The deal is said to be worth $375 million and will result in the Trump name being removed from the landmark property that stands close to the White House.

The sale of the lease of the hotel, which operates out of a landmark federal building on Pennsylvania Avenue, comes after years of financial losses at the property, which opened in 2016, shortly before Trump was elected president.

The hotel’s lease is being bought by Miami-based investment firm CGI Merchant Group, according to The Wall Street Journal, which says the company is working with another hotel chain, Hilton Worldwide Holdings.

In its new iteration, Trump’s name will be replaced by the Waldorf Astoria brand on the massive historic property, which has previously been both a post office and an office building.

Members of the House Oversight Committee recently stated that the Trump family’s company suffered a net loss of $70 million in operating the hotel.

From the time of its opening, the hotel immediately drew crowds of Trump supporters and favor-seekers.
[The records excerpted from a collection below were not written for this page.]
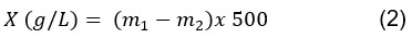 Biomass concentration was determined by the dry weight method. Samples of 2.0 mL of fermentation broth were transferred to centrifuge tubes and spun at 15,000 × g for 15 minutes. The supernatant was removed, and the tubes containing the wet biomass were dried in a convection oven (TE-394/I, Tecnal, Brazil) at 70°C for 24 h.19 Biomass concentration (X) was estimated using Equation 2: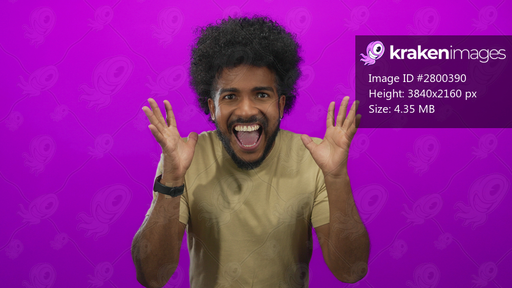 Man expressing excitement with hands raised against vibrant pink background, showcasing joyful emotion and energy.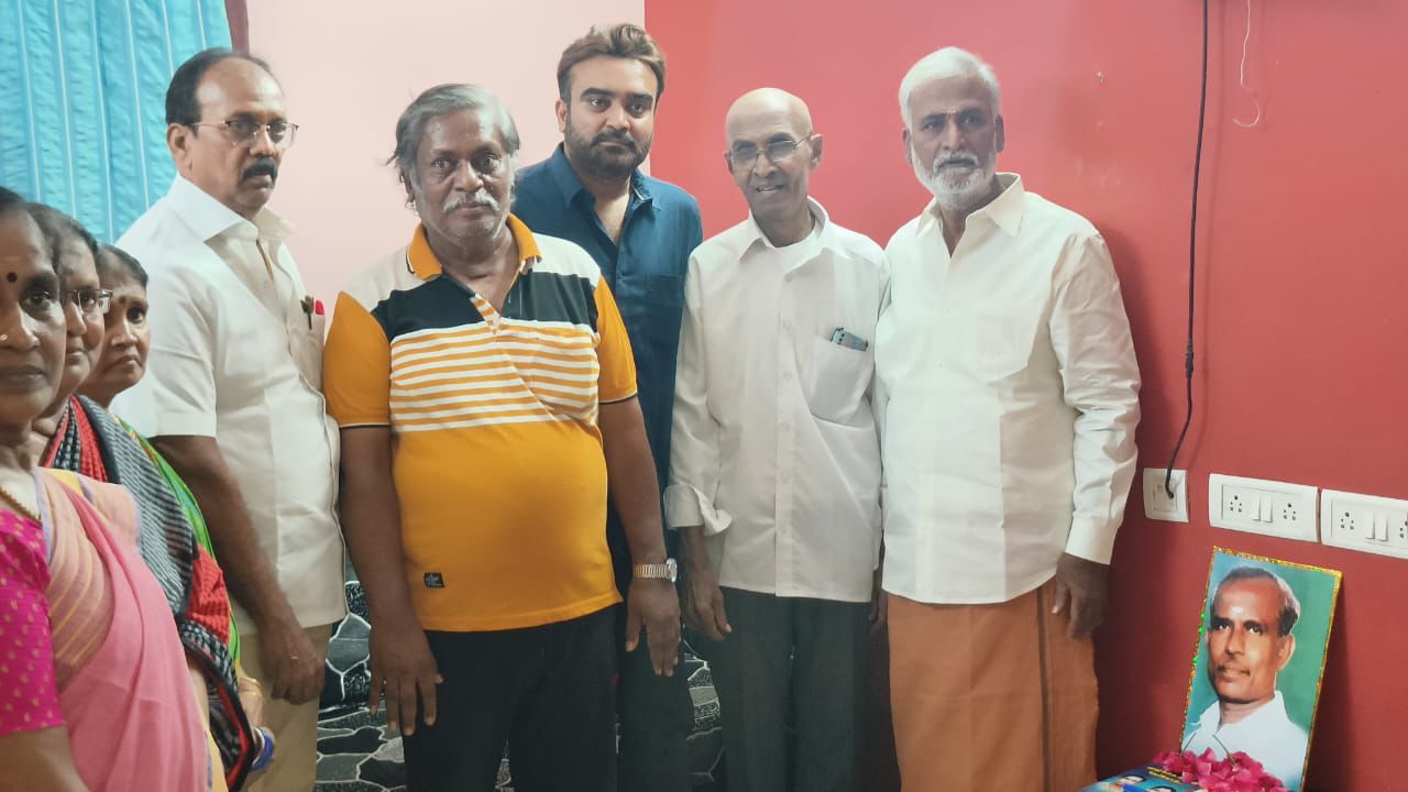 பூவை செங்குட்டுவன் இல்லத்திற்கு சென்று அவரது திருவுருவப்படத்திற்கு அமைச்சர்கள் அஞ்சலி

For a businessman president, it was the ideal bridge between his two worlds: a Trump hotel five blocks from the Trump White House.

This blurring between Trump’s business and his presidency fueled attacks from congressional Democrats who charged that he used the property as the hub of an influence-peddling operation.
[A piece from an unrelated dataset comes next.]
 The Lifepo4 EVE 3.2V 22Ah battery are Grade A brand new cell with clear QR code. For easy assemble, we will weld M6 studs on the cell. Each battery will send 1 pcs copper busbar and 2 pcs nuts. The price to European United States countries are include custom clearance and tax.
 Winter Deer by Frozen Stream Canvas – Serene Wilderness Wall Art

Trump’s critics filed lawsuits against him, arguing that business that the hotel received from foreign governments violated the so-called emoluments clause of the Constitution, which prohibits federal officials from taking gifts or payments from other governments.
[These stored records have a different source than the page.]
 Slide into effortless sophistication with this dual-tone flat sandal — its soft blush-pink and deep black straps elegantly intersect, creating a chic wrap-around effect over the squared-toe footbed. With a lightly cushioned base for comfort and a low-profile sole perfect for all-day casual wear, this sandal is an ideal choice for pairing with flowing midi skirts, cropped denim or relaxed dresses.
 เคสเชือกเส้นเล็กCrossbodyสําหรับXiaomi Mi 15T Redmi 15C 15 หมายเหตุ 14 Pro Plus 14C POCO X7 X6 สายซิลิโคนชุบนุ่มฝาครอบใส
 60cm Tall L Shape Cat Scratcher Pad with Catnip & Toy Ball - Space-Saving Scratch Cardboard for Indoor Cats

Trump’s company said that it voluntarily did not solicit business from foreign embassies, given the potential accusations of influence peddling.

The political operations run by Trump and his family, as well as the Republican National Committee, also spent hundreds of thousands of dollars at the hotel, as it became a frequent spot for fund-raising events.

In total, more than $3 million in payments from political committees came in since early 2020 to the Washington hotel, Federal Election Commission records show.

The deal with CGI comes as Trump faces numerous costly and distracting criminal investigations, including by prosecutors in New York, who this year indicted the Trump Organization and its longtime chief financial officer, Allen Weisselberg.

The prosecutors are investigating whether Trump and his company artificially inflated his property values to obtain loans.

Citizens for Responsibility and Ethics in Washington, which sued Trump claiming that he violated the emoluments clause of the Constitution by accepting payments from foreign governments at the hotel, said the pending sale did not resolve the ethics issues associated with his ownership of the hotel while he was president.

“Selling it now that he’s out of office and the grift dried up is, to say the least, too little, too late,” said Noah Bookbinder, the president of the organization.